” The only thing more terrifying than Mother Nature is human nature.”
Director: Nicolas Lopez
Cast: Eli Roth, Ariel Levy, Nicolas Martinez
Synopsis: In Chile, a group of travelers who are in an underground nightclub when a massive earthquake hits quickly learn that reaching the surface is just the beginning of their nightmare.
If it wasn’t for the title appearing over the credits, you could easily be fooled into believing that you’d inserted some lightweight rip-off of The Hangover for the first half-hour of Aftershock, Nicolas Lopez’s melding of the disaster and horror movie genres. We watch with impatient bemusement as three rather unlikeable Americans tour the nightclubs of Chile, hoping to get laid but mostly just getting drunk and grouchy with one another. If it’s a ruse to lull us into complacency then it fails, and if it’s an attempt at character development then that long half-hour is only partially successful. We learn which of the three men is the biggest knob and which is the most pathetic, but little else. But the earthquake which rips their lives apart with sudden and unyielding intensity signals not only a seismic shift in the lives of our companions but in the tone and pace of the movie itself. For the following hour we’re carried along on a ferocious, unrelenting tide of disaster and brutal misfortune which is almost exhausting to watch. Things go seriously awry in the final reel, but until then Aftershock is a real edge-of-your-seat thriller.

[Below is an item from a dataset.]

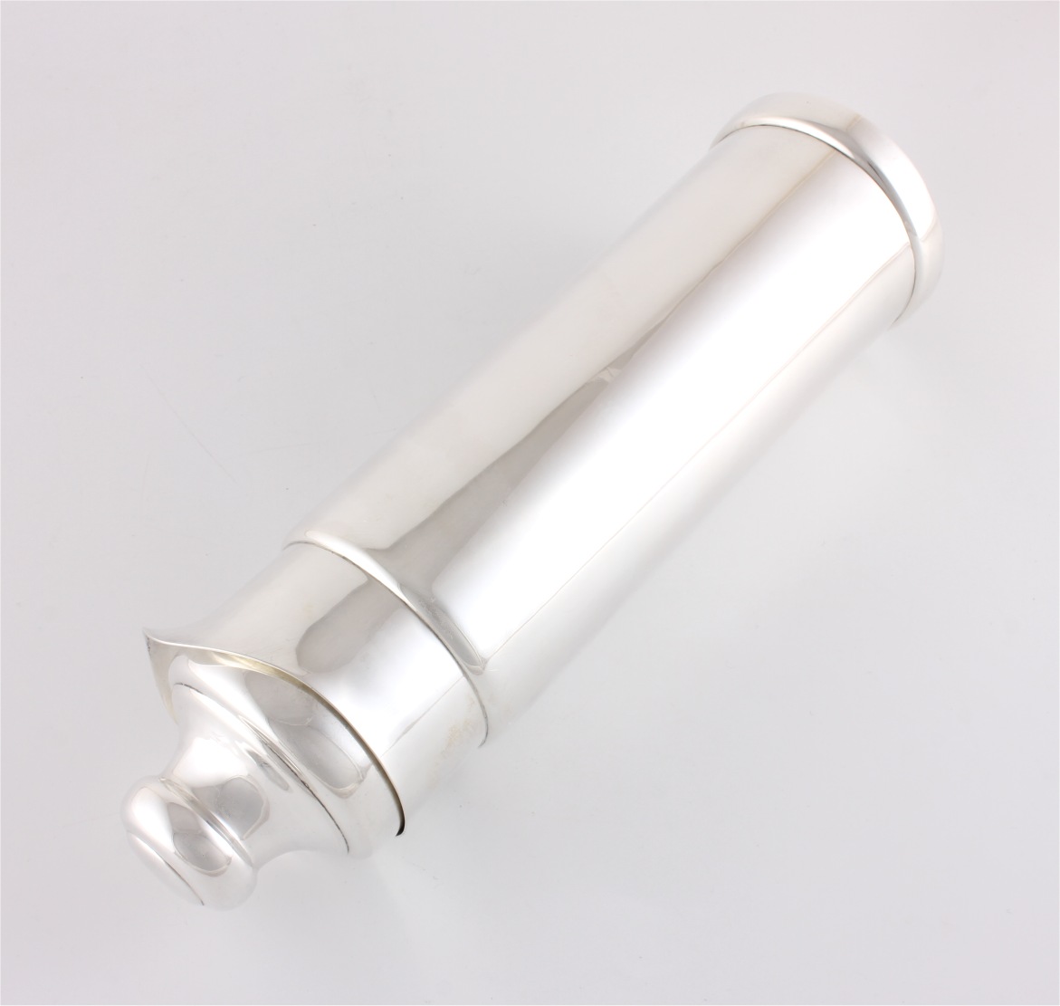 This fabulous American Art Deco cocktail shaker which is made of sterling silver dates from the 1930's and is made by Frank W. Smith Silver Company.

Those three unlikeable Yanks are Gringo (Eli Roth — 2001 Maniacs, Inglourious Basterds — who also co-wrote with Lopez and produced), a slightly old-before-his-time father, his friend, Ariel (Ariel Levy), whose split from his girlfriend has hit him hard, and Ariel’s rich buddy, Pollo (Nicolas Martinez), who believes his wealth gives him the right to behave like a complete a-hole. Together, these three visit wine vineyards during the day and haunt upmarket clubs at night. They’re in a trendy subterranean nightclub with three girls, Irina (Natasha Yarovenko), Kylie (Lorenza Izzo) and her older sister Monica (Andrea Osvart) when an earthquake strikes, ripping the place apart and crushing people beneath falling lighting and furnishings. Ariel loses a hand rescuing a bartender trapped beneath a shelving unit, but otherwise the six make it to the surface relatively unscathed. However, reaching the surface is when their troubles really begin…
If nothing else, Aftershock provides a compelling insight into the chaos and anarchy that quickly prevail in an extreme situation during which the protection (or oppression, depending on your viewpoint) of law enforcement is temporarily compromised. The situation in Aftershock isn’t helped by the fact that the earthquake has enabled a large number of prisoners to escape from the local prison. Almost immediately, the greater danger faced by our six is from humans rather than nature — and not just from those escaped prisoners. Terrified civilians desperate to protect their families are more likely to shoot those seeking help than to give them shelter…
Lopez piles on the suspense with every twist of the storyline. Moral conundrums are raised — ‘would you rather kill two people than one?’ reasons a fireman trapped in his cab as he beseeches Pollo to cut away the pole that traps him, even though to do so would certainly kill his badly injured colleague — and more often than not what we would consider the right choice results in the death of someone. And Aftershock follows no genre template with its random order of deaths. Those you would expect to survive — or at least live longest — are killed unexpectedly, forcing a previously relatively minor character to step forward and become the focal point, if only until they too meet their grisly fate. This democratic distribution of fatal risk is unsettling for an audience — we literally don’t know what is going to happen next, or when it will happen, or to whom. Death can come at the most unexpected moments and in the most arbitrary of ways to anyone.
Aftershock doesn’t have many fans — but it has a huge amount of detractors — and it’s true that it isn’t without faults. We seem to wait forever for something to happen while we watch what looks like an extended version of one of those adverts for a youth-oriented alcoholic drink, and despite taking all this time the characters remain stereotypical yet sketchily drawn. There’s also an unforgivable transformation of one character from victim to crazed killer which really doesn’t work and does, in fact, seriously harm the picture. But then these are all the kind of faults that can be found in movies with much better reputations than Aftershock. There seems to be something of a herd mentality in the bashing of this movie, so it’s worth giving it a look just so you can form your own opinion.